Ein neuer Umgang mit der Ressource Grund und Boden
Gastbeitrag. Wie Raumordnung wirklich für die Ordnung des Raumes wirken könnte.
Seit Jahren wird darüber diskutiert, wie mit der einzigen nicht ersetzbaren Ressource Grund und Boden verfahren werden soll. Hilflose Versuche wie Vertragsraumordnung, Freizeitwohnsitzbeschränkungen und Appelle gegen Bodenverbrauch und -versiegelung endeten bisher allesamt vollkommen wirkungslos. Und das in einem der schönsten Länder Europas mit weniger als 13 Prozent besiedelbarer Fläche.
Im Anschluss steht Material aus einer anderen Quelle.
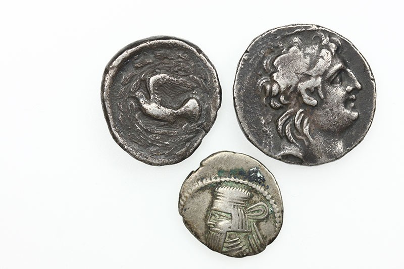 Trio of Ancient Greek Silver Coins: Sikyon. Stater, struck ca. 431-400 BC. 10.85 gms. Chimaera left/Dove left within wreath. SNG Copenhagen 31. Toned over surface corrosion, Fine; Seleukid. Antiochos VII Euergetes (138-129 BC). Tetradrachm. Antioch. 16.39 gms. Head right/Athena Nikephoros, left, monogram before, within wreath. SMA 283. Deep gray, pinscratches, About Very Fine; and Parthian Drachm. Light deposit, About Very Fine. (3)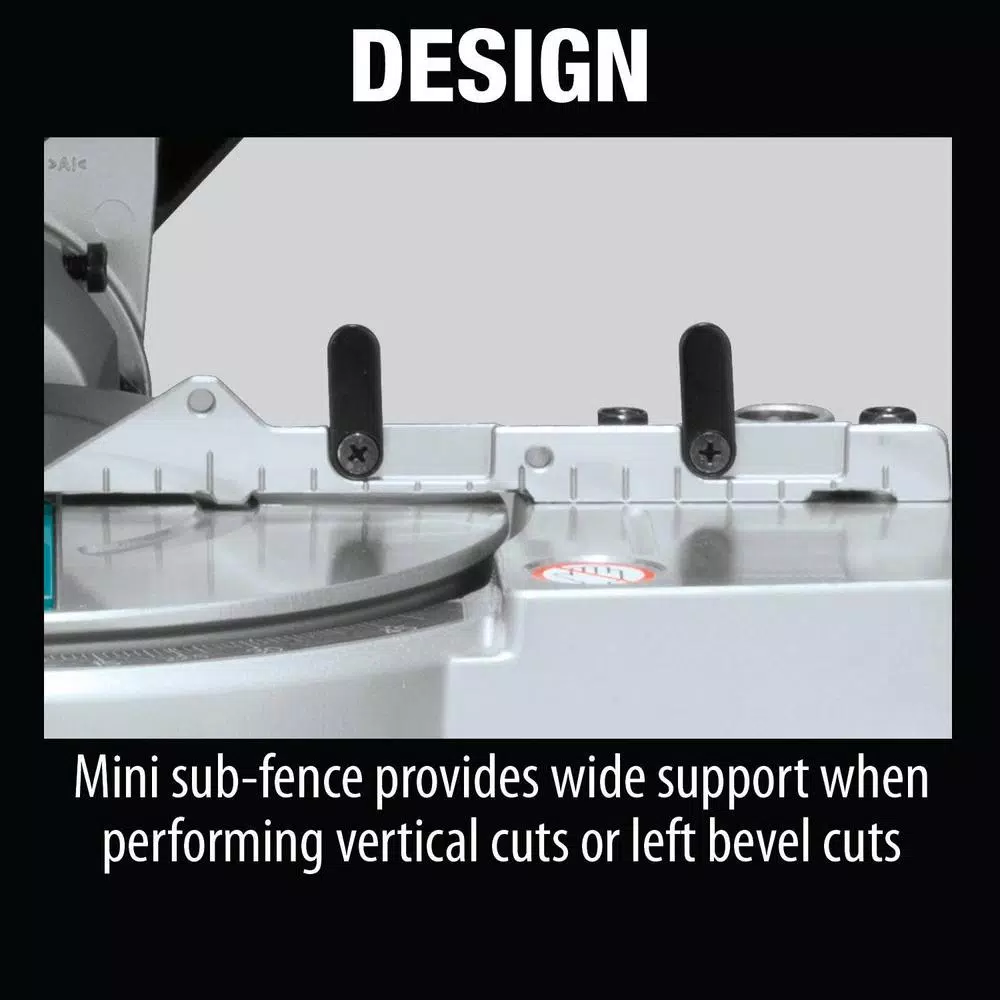 - Mini sub-fence provides wide support when performing vertical cuts or left bevel cuts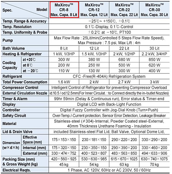 . Maker : DAIHAN . Model : MaXircu CR-8 . ¿Âµµ : -25¡É~ +150¡É . ¿ë·® : 8 ¸®ÅÍ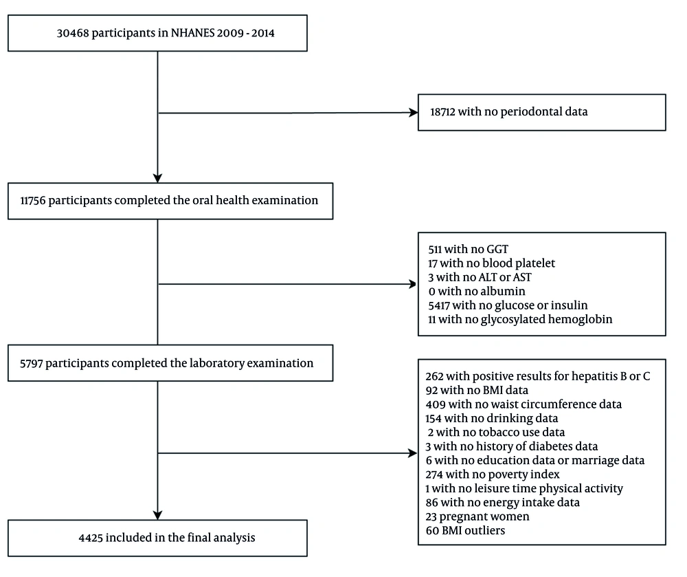 The participant selection process is detailed in Figure 2. Initially, 30,468 participants from NHANES 2009 - 2014 were considered. After excluding individuals without periodontal data, 18,712 participants remained. Subsequent exclusions were applied for missing laboratory examination data, key covariates (e.g., lifestyle factors, baseline characteristics), as well as pregnant individuals and Body Mass Index (BMI) outliers. Finally, 4,425 participants were included in the cross-sectional analysis.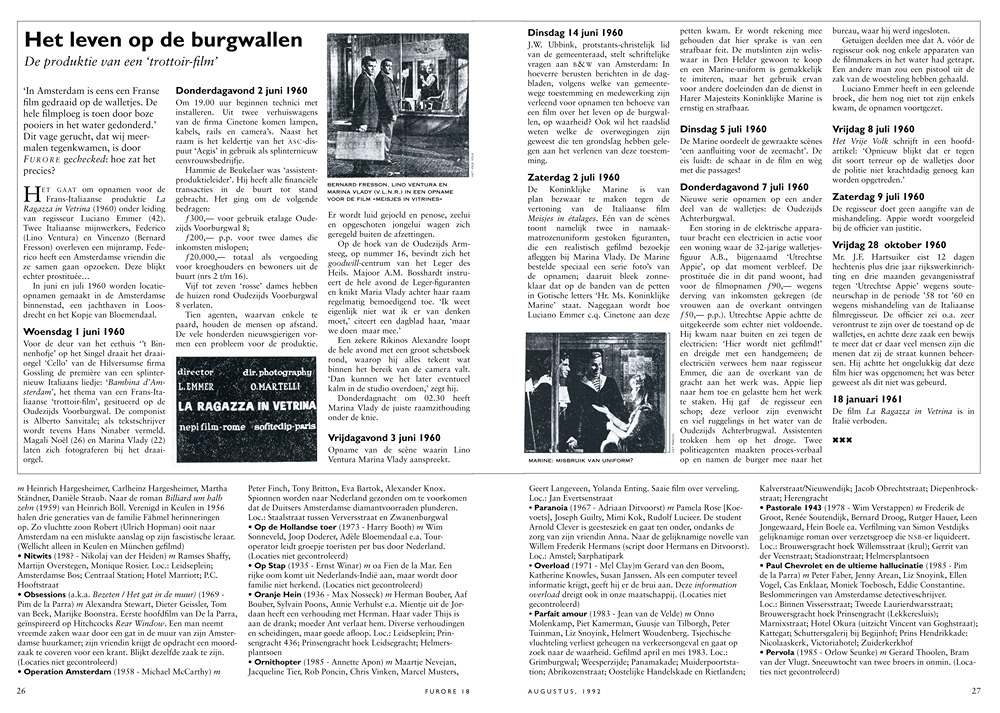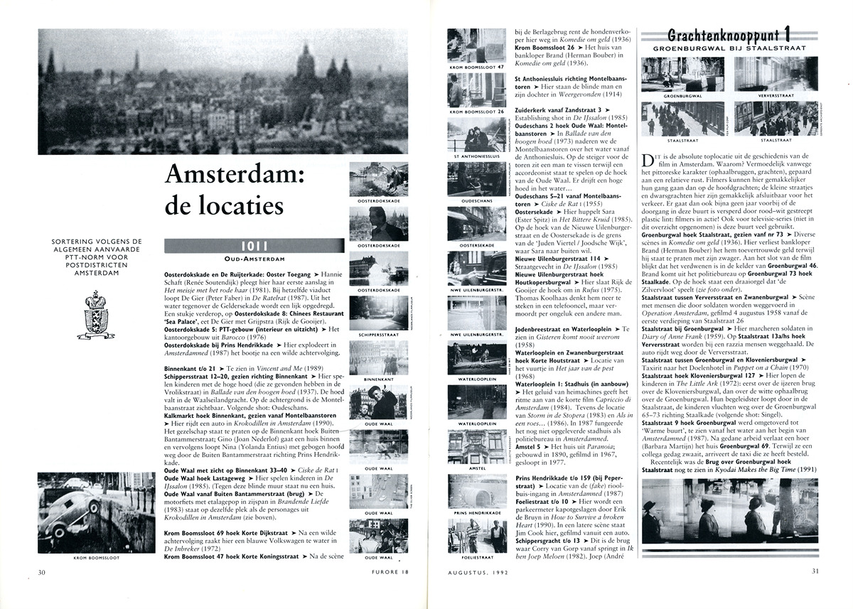 (31 mei 1992)Onderzoek naar Amsterdamse locaties van speelfilms in Furore #18 (juni 1992), met medewerking van René van Praag en Herwolt van Doornen, juli 1988 t/m mei 1992.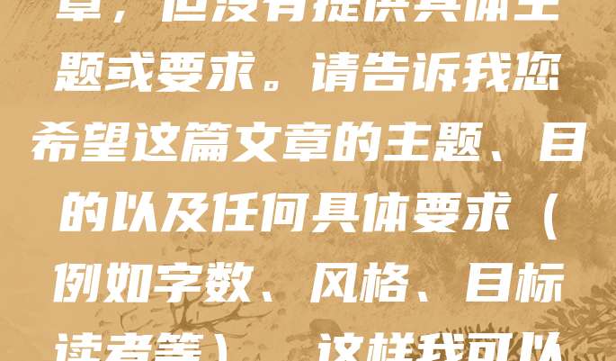 您似乎想让我写一篇文章,但没有提供具体主题或要求。请告诉我您希望这篇文章的主题、目的以及任何具体要求(例如字数、风格、目标读者等)。这样我可以更好地为您提供帮助。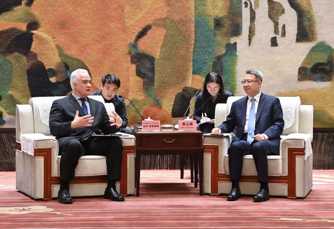3月20日,省委常委、市委书记郭元强会见安波福全球副主席兼首席运营官比尔·普雷斯利一行。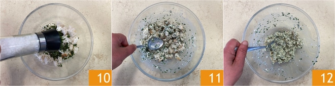 Salt and pepper to taste 10 and mix everything together 11: you should obtain a consistent paste 12.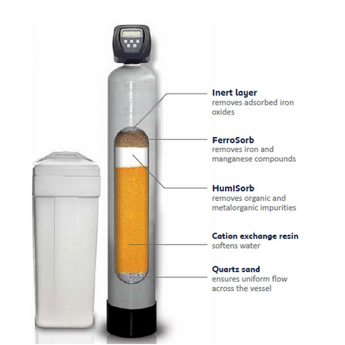 Избавит от налета на сантехнике и накипи на нагревательных элементах; уберет металлический привкус воды; снизит цветность и запах воды. Для регенерации используется обычная таблетированная соль. Раствор соли пропускается через фильтрующий материал, а удаленные загрязнения смываются в канализацию

Wen wundert das eigentlich? Wir bekennen uns fast alle zum erfolgreichen Modell der sozialen Marktwirtschaft, wobei unsere Großväter noch genau wussten, warum sozial für den nachhaltigen Bestand der demokratischen Marktwirtschaft entscheidend ist.
Sicherer Wertzuwachs
Und was hat das mit Grund und Boden zu tun? Seit mehr als 30 Jahren ist die Investition in Grund und Boden der alleinige Spitzenreiter hinsichtlich eines sicheren Wertzuwachses, weit vor allen anderen Anlagen. Dieser wird darüber hinaus noch durch den politischen Akt der Flächenwidmung fast ausschließlich zugunsten des privaten Eigentums vervielfacht.
Es ist also niemandem vorzuwerfen, wenn er oder sie in Grundstücke investiert. Es ist aber uns allen vorzuwerfen, das nicht zu erkennen und darauf gesetzlich zu reagieren.
Ohne jeglichen Eingriff in das private Grundstückseigentum würde ein einfacher steuerlicher Eingriff schlagartig die von fast allen gewünschte Veränderung bewirken. Jeder Grundstücksverkauf kann unter Anwendung der Wertsicherung entlang der Inflationsrate plus beispielsweise zehn Prozent steuerfrei erfolgen.
Der darüber hinausgehende Betrag geht zu 90 Prozent an die jeweilige Gemeinde, die darüber hinaus ein Vorkaufsrecht bei jeder Transaktion erhält, langjährige Nutzungs- oder Baurechte vergeben kann und im gleichen Zug zukünftig keine Grundstücke verkaufen darf. Wie das übrigens allen öffentlichen Körperschaften untersagt werden sollte.
Umstieg zu Nutzungseigentum
Mittelfristig bedeutet das einen Umstieg von Grundstückseigentum zu Nutzungseigentum, ohne die Mechanismen der Marktwirtschaft außer Kraft zu setzen. Endlich kann dann Raumordnung wirklich im Sinne der Ordnung des Raumes einer Gemeinde proaktiv wirken, und die Erpressbarkeit der Bürgermeister ist zu Ende.
Die scheinheilige Diskussion über leistbares Wohnen nimmt den wirklichen Kostentreiber – 50 bis 80 Prozent der Kosten pro Quadratmeter Wohnfläche sind auf den Grundstückspreis zurückzuführen – wirksam in Angriff. Leider verlieren damit allerdings die Drehbuchautoren und -autorinnen für ihre Kriminalfilme neben der Prostitution sowie dem Waffen- und Drogenhandel das dritte Kernthema: die Bodenspekulation. Aber das dürfte dann doch verkraftbar sein.
Nebenbei hätte dieser Schritt die Konsequenz, dass mit den Hunderten Millionen neuer Gemeindesteuern einmal die Lohn- und Einkommensteuern drastisch gesenkt werden könnten und damit der jungen Generation endlich wieder die Möglichkeit eröffnen würde, selbst Vermögen zu schaffen. Zum anderen könnte der längst überfällige Prozess der subsidiären Steuergenerierung beginnen: Jede Körperschaft generiert die Einnahmen für ihre eigenen Aufgaben.
Debattieren oder ignorieren?
Mal sehen, ob außer dem Vorwurf der Enteignung à la Kommunismus eine konstruktive Debatte beginnen kann. Oder ob halt doch wieder die urösterreichische Variante des „Nicht-einmal-Ignorierens“gewählt wird.
Christoph M. Achammer (geboren 1957 in Innsbruck) studierte Architektur und lehrt seit 2002 als Professor an der Technischen Universität Wien (TU Wien).